Cela faisait dix-sept ans, soit depuis Jason le mort-vivant (1986), que l'idée traînait. La promesse officielle remonte à la fin de Jason va en enfer (1992) où Vendredi 13 venait d'être rachetée par la New Line, détentrice des deux sagas. En 2003 le projet abouti enfin : voici la réunion des deux boogeyman les plus célèbres des années 1980, en marge bien sûr du roi Michael Myers (Halloween), trop souverain et trop sombre pour être imaginé mêlé à ses concurrents. À gauche, Freddy de la saga A Nightmare On Elm Street, le pédophile à la peau brûlée pénétrant les rêves des adolescents pour les massacrer avec une ingéniosité toute sadienne au départ, puis plus prosaïque, rigolarde par la suite. À droite, Jason de la saga Vendredi 13, la franchise la plus longue du cinéma d'horreur (occidental et non-underground) à ce jour , devançant de quelques foulées les Freddy et Halloween. Jason le redneck aux budgets minimalistes et l'homme à la machette, dont l'identité s'est façonnée sur le tard (il n'est pas présent dans l'opus originel) avant de servir de prétexte à des délires lorgnant vers la SF.
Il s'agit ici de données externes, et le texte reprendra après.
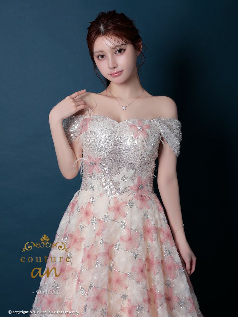キャバドレス couture an クチュール アン 高級 オフショルダー 半袖 フラワー スパンコール ラメ バースデー 袖取り外し可能 Aライン キャバドレス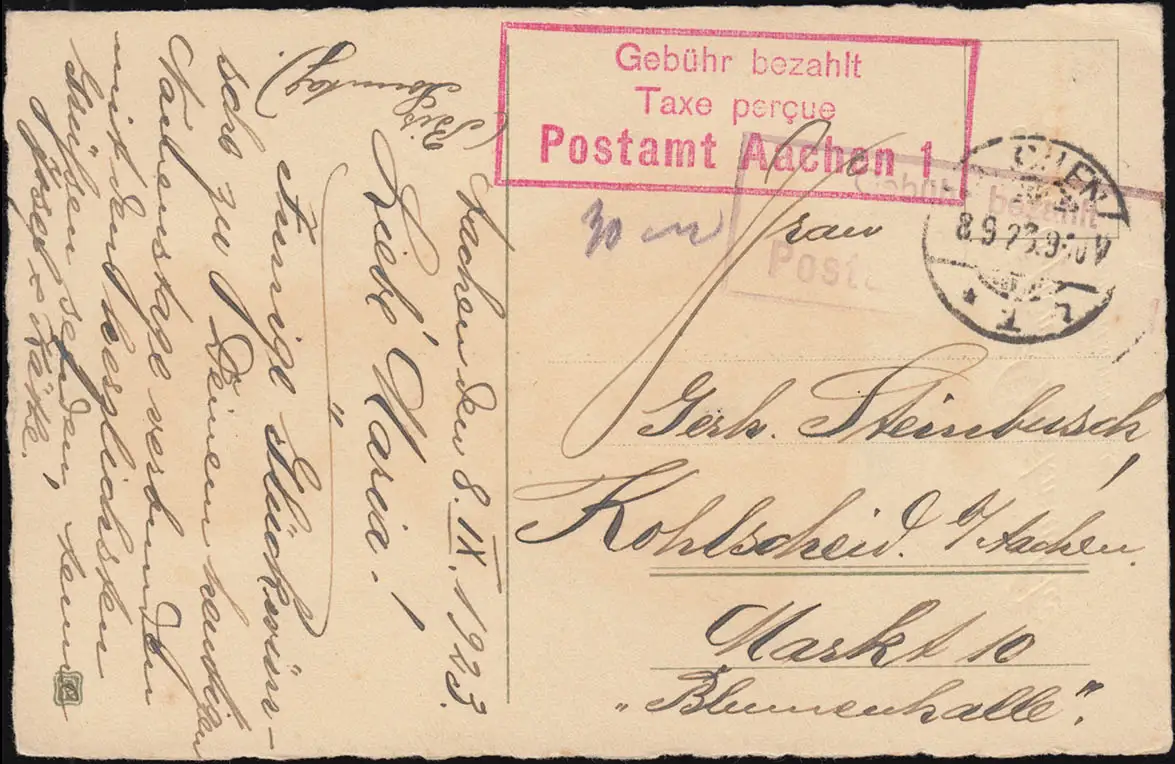 Temple payant de poste Aachen 1 / AACHEN 8.9.1923 sur carte de jour de nom

Les deux tueurs étaient à la retraite depuis 1993-1994 et Freddy avoue en avoir particulièrement souffert, lui qui n'est plus en mesure depuis longtemps d'effrayer les adolescents. Ses auteurs l'ont tué deux fois de façon définitive (opus 6 et 7), alors que Jason a eu le droit à ces morts improbables laissant toujours soit une porte ouverte, soit dans le fond ne valant rien. Jason a même un tour d'avance puisqu'un an plus tôt (2002) il est réapparu via l'abject Jason X pour frapper un grand coup, avec même Cronenberg en cameo – ce qui n'est pas forcément judicieux vu l'écart entre son univers et ceux de l'exécrable Vendredi 13. Freddy appelle donc Jason à la rescousse dans un Elm Street où sa mémoire a été effacée, peuplé de jeunes insouciants et obscènes comme Jason aime les étriper.
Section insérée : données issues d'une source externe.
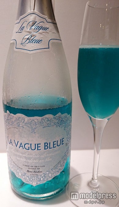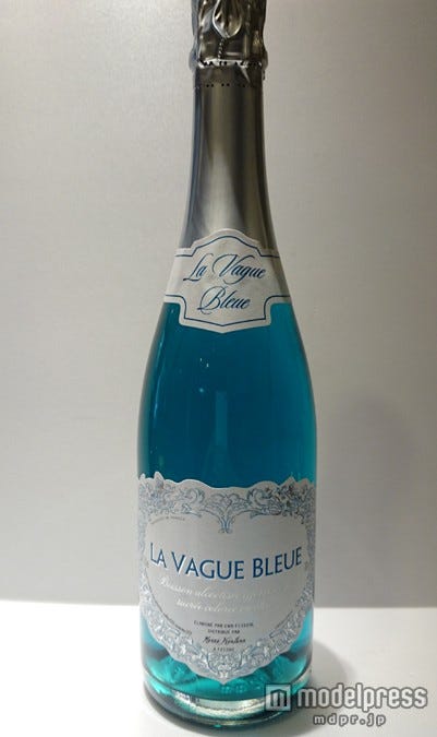 綺麗なブルーのスパークリングワイン。まるで海の中にいるような美しい色合い。

Des tas de questions se posent : Jason va-t-il rester mutique, comment vont se rencontrer les deux tueurs, comment vont-ils pouvoir collaborer alors que leurs styles diffèrent tant ? Entre le raffinement et les distorsions de Freddy, l'implacabilité et l'obstination pour Jason le zombie massif et terre-à-terre, il y a deux éthiques du massacre. Ronny Yu, réalisateur chinois ayant effectué son premier pas dans l'horreur US avec La fiancée de Chucky (1998), réussi à justifier cette rencontre en adaptant les deux antihéros au néo-slasher, dans le sillage des bébés de Scream, tout en respectant les particularités de chacun. Les deux tueurs se réveillent mutuellement et se partagent les tâches, avant d'entrer en compétition ; il y a en plus de la vulgarité un certain courage de la part de Ronny Yu, lequel osera même désigner un vainqueur.
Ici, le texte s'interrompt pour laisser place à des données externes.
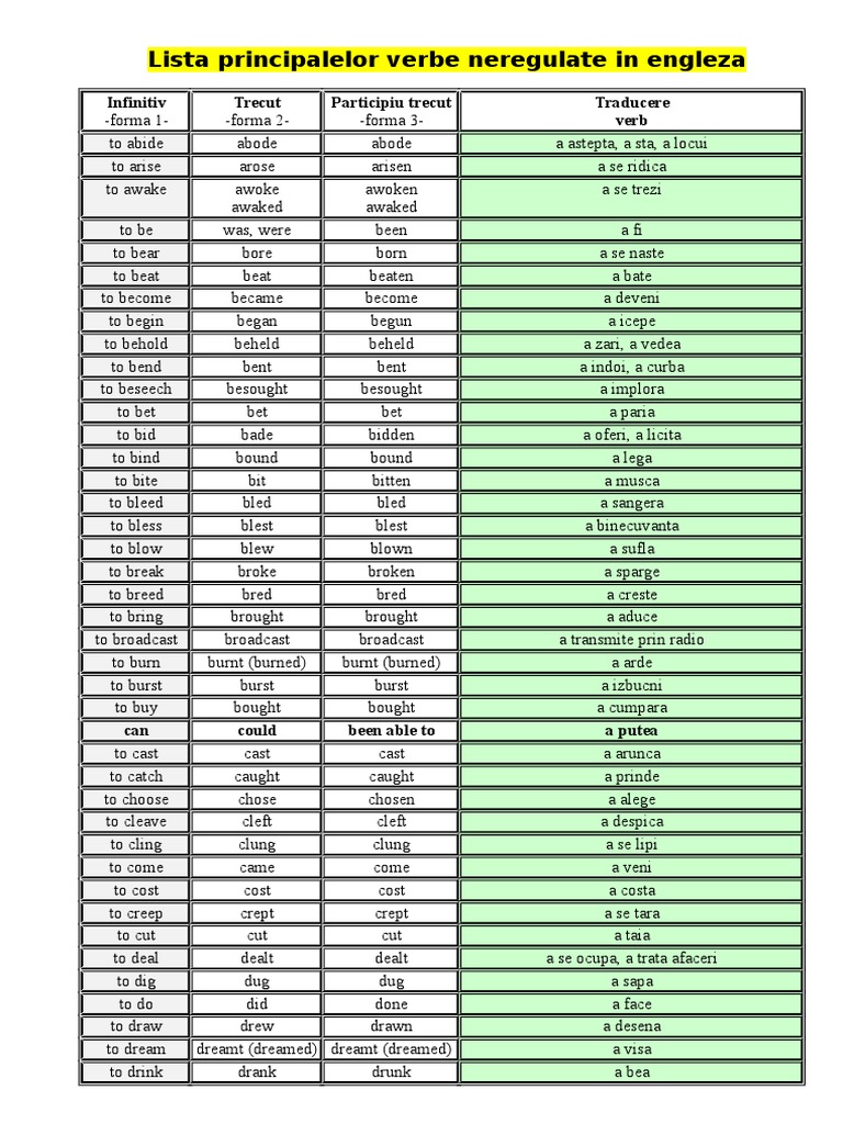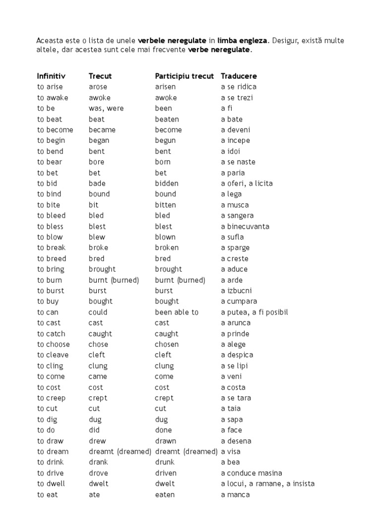 Lista Principalelor Verbe Neregulate In Engleza Infinitiv Trecut Participiu Trecut Traducere Verb

Entre le pervers facétieux et le plouc badass, l'attention de Ronny Yu balance plutôt vers le premier, maître des opérations et concepteur dérangé. Jason apparaît comme un performer rebelle et laconique, exécutant les exploits les plus francs, propres et nets. Freddy est plus ambitieux et vicieux, joue avec ses victimes, tout en étant enclin à échouer et se faire humilier à son tour, notions inexistantes pour le monstrueux Jason, dont l'aura n'est pas entamée puisqu'il garde son masque tout le film. Freddy contre Jason relève clairement du 'plaisir coupable' tant il manque d'élégance et se complaît dans le recyclage d'archétypes discount. Il démarre en trombe, maintient un haut niveau un certain temps, mais aurait gagné à être écourté. Lorsque les deux tueurs entrent en conflit, au lieu de s'amuser en remplissant le film, le divertissement devient plus las, comme un Souviens-toi l'été dernier sur le point d'agoniser et s'autorisant la der des der. Pur divertissement, lorgnant vers le carnaval décérébré, déchiré entre farce et happening volcanique.